First, this teacher introduced us to Billy Collins’s poem “Introduction to Poetry,” which is bitingly true (and helpful!) in trying to figure out what a poem means. It also introduced me to one of my favorite lines in poetry:

“But all they want to do

is tie the poem to a chair with rope

and torture a confession out of it.

They begin beating it with a hose

to find out what it really means.”

“Introduction to Poetry” by Billy Collins, courtesy of Poetry Foundation

That’s always how it feels, doesn’t it? We have to torture the poem - and ourselves - into telling us its meaning. Instead of treating it like the process of discovery. The minute I learned that no one was going to judge me for getting the meaning of a poem "wrong" and that I held the magic to understand the poem, the process got a bit easier. 

After introducing us to the “Introduction of Poetry,” this same teacher asked us to explore different poetry books and bring back the ones that we enjoyed reading. That’s it - no analysis, no report. Just bring in your favorites. Renewed and inspired, I remember having a great number that I enjoyed, but the one that sticks out to me is “Constantly Risking Absurdity” by Lawrence Ferlinghetti which is how I felt at the time trying to figure out what kind of reader and writer I wanted to be:

“Constantly risking absurdity

                                             and death

            whenever he performs

                                        above the heads

                                                            of his audience

   the poet like an acrobat

                                 climbs on rime

                                          to a high wire of his own making”
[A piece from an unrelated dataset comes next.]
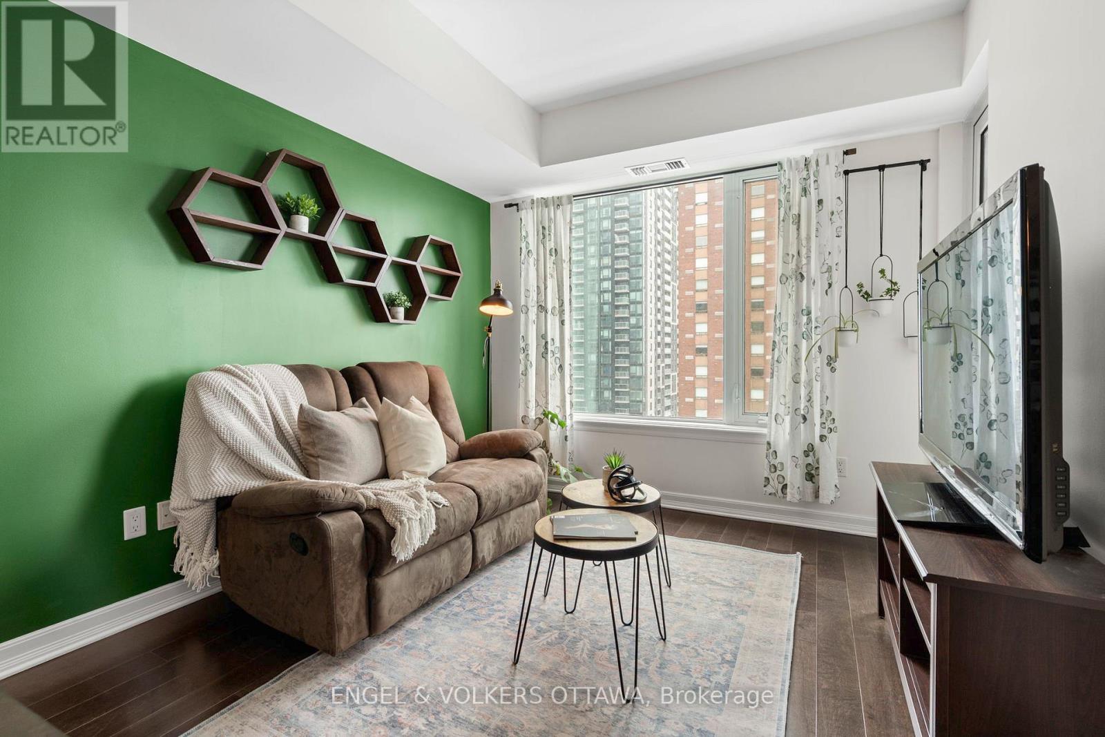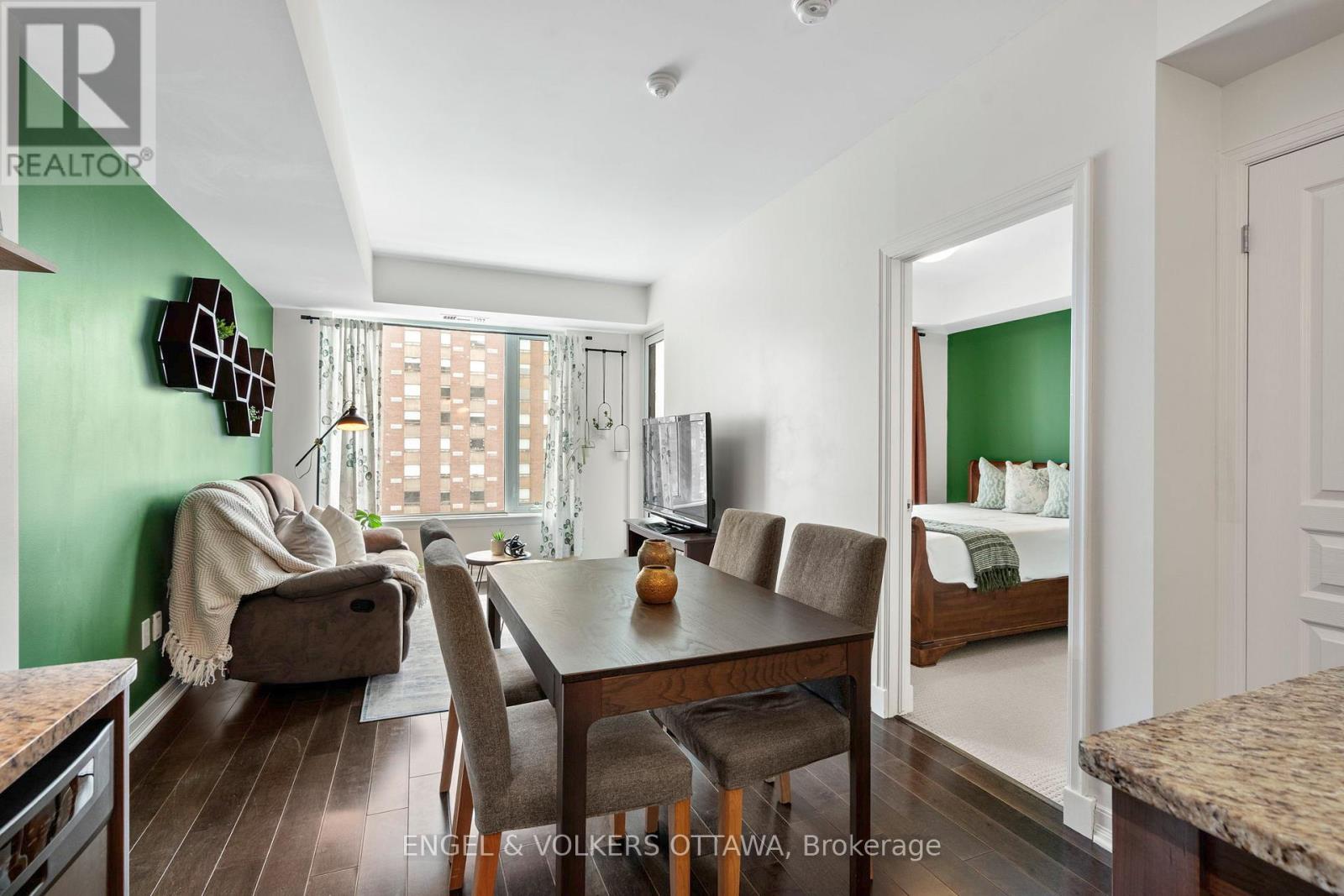 A bright and functional 1-bedroom + den condo in the heart of downtown, offering the perfect blend of location and convenience. Featuring hardwood flooring throughout the main living areas, this space feels warm, modern, and move-in ready. The open-concept kitchen is finished with rich cabinetry, granite countertops, stainless steel appliances, and a centre island-ideal for casual dining or entertaining. It flows seamlessly into the living and dining area, creating great sightlines and an inviting space to host or unwind. Large windows fill the home with natural light and lead to a private balcony, perfect for morning coffee or taking in the city views. The bedroom offers a comfortable space with an oversized window and a full-size closet, while the versatile den provides the ideal work-from-home setup, reading nook, or guest space-adding flexibility to suit your lifestyle. Additional features include in-unit laundry, a well-appointed bathroom, and efficient use of space throughout. Located in a prime downtown setting, just steps to Metro, restaurants, cafes, shops, transit, and the Ottawa Little Theatre. Whether you're a first-time buyer, investor, or looking for a low-maintenance urban lifestyle, this is a fantastic opportunity to own in one of the city's most connected locations. (id:64974)

“Constantly Risking Absurdity” by Lawrence Ferlinghetti, courtesy of Poetry Foundation

That particular poem ends with the image of “a little charleychaplin man” and that line - and the notion that you can just play with spacing and words - set me on a journey to appreciate poetry. 

It wasn’t always a smooth sailing journey. I attempted to write poetry as a young student and all I could come up with was it had to rhyme. So I stuck to fiction and used my appreciation of poetry to play with form and syntax in my short stories. 

In short: you don’t have to just write poetry to appreciate it.

Reading poetry is a gift that you can keep in your pocket, perfect for any mood or moment. 

Reading poetry is a party trick that you can bring out to impress your friends. The only poem I ever memorized is “The Mending Wall” by Robert Frost (this page also includes a reading guide - BONUS!) and you can bet I recite this any chance I get.

Reading poetry is a beautiful way to start or end your day. 

Reading poetry is an opportunity to challenge yourself.

This month we at Read Furiously want to share our poetry experiences and journey with you, so that you can embark on your own month of discovery. We are so excited to take this journey with you, Furious Readers. Onward!